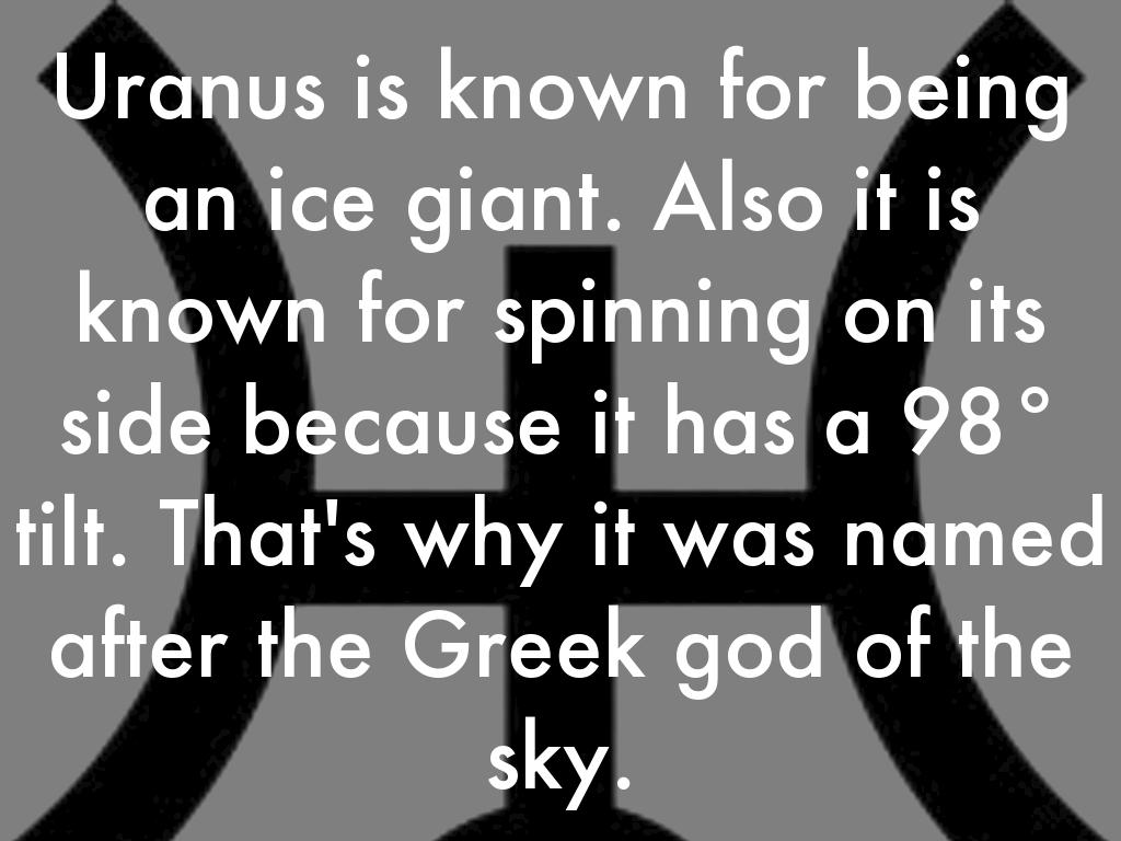 Uranus is known for being an ice giant. Also it is known for spinning on its side because it has a 98° tilt. That's why it was named after the Greek god of the sky.
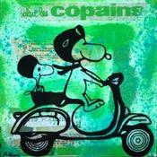 This unique and original contemporary artwork "Snoopy vespa" on the subject of Pop icons has been created by the contemporary artist Kikayou.
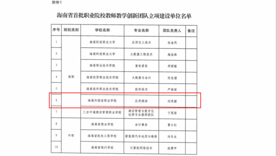 喜报!【双高建设】我院应用俄语专业教学团队入选海南省首批职业院校教师教学创新团队
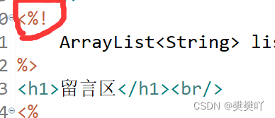 ArrayList<String> list = new ArrayList<String>();//定义一个全局的集合,注意%后一定有!,否则为局部变量,不能储存全部留言
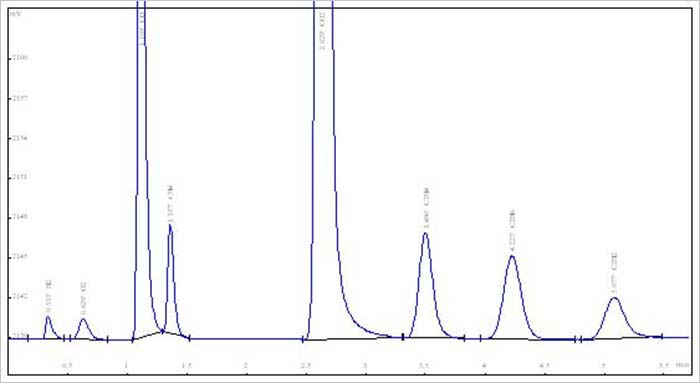 圖四(1) 溶解氣八組份標(biāo)氣色譜圖
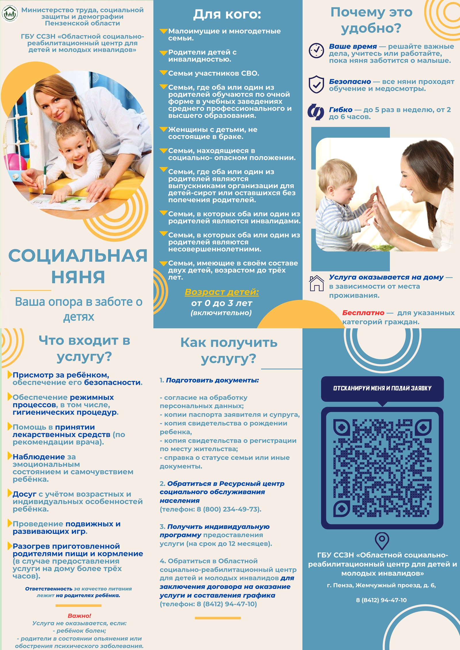 Услуга «социальная няня» — инновационный сервис профессиональной помощи семьям с детьми, предлагающий гибкий и индивидуально настраиваемый график посещений, предоставляется бесплатно на период до 5 раз в неделю от 2 до 6 часов.
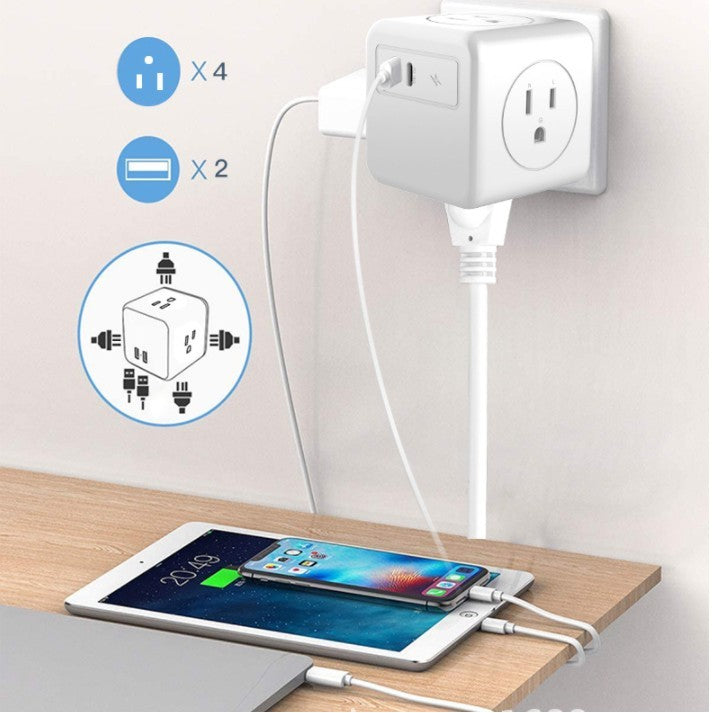 FCC 4 Jacks Cube Wall Charger W/A USB-PD
==================================================
## EXERCISE DETAILS
Copy out the material above in full and exactly; its pictures are not to appear.

## RESPONSE BOX
 Uranus is known for being an ice giant. Also it is known for spinning on its side because it has a 98° tilt. That's why it was named after the Greek god of the sky.
 This unique and original contemporary artwork "Snoopy vespa" on the subject of Pop icons has been created by the contemporary artist Kikayou.
 喜报!【双高建设】我院应用俄语专业教学团队入选海南省首批职业院校教师教学创新团队
 ArrayList<String> list = new ArrayList<String>();//定义一个全局的集合,注意%后一定有!,否则为局部变量,不能储存全部留言
 圖四(1) 溶解氣八組份標(biāo)氣色譜圖
 Услуга «социальная няня» — инновационный сервис профессиональной помощи семьям с детьми, предлагающий гибкий и индивидуально настраиваемый график посещений, предоставляется бесплатно на период до 5 раз в неделю от 2 до 6 часов.
 FCC 4 Jacks Cube Wall Charger W/A USB-PD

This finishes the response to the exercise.